-------- Data extract --------

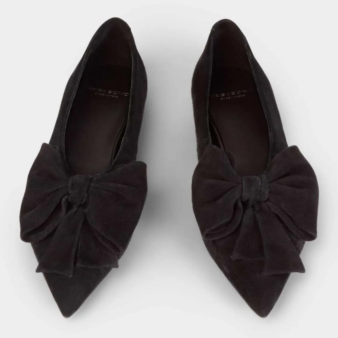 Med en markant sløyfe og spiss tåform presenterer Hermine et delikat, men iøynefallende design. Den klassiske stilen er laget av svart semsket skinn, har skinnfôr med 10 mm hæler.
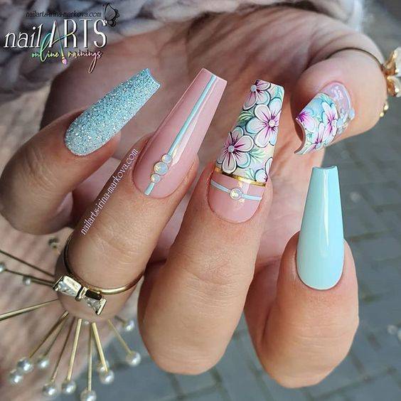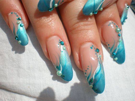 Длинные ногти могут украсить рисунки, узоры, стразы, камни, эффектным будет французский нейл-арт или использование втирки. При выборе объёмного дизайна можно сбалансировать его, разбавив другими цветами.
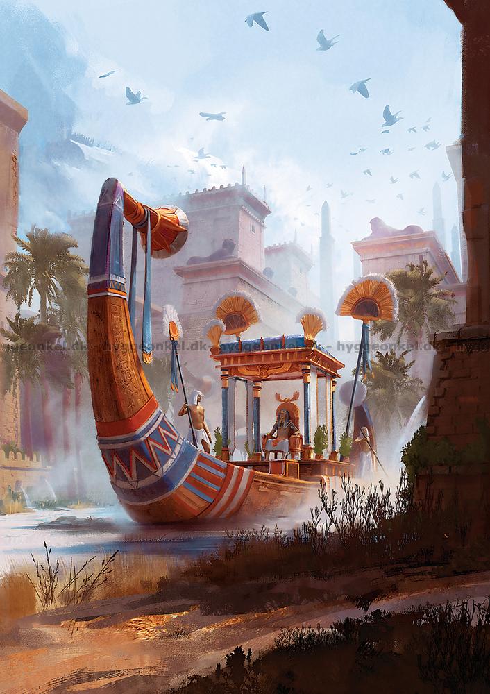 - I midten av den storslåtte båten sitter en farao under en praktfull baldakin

--------

Your objective:
Print, exactly as written, the lines from the one containing "Длинные ногти могут" to the end of the material, both ends included, and nothing else; no pictures.

Task result:
 Длинные ногти могут украсить рисунки, узоры, стразы, камни, эффектным будет французский нейл-арт или использование втирки. При выборе объёмного дизайна можно сбалансировать его, разбавив другими цветами.
 - I midten av den storslåtte båten sitter en farao under en praktfull baldakin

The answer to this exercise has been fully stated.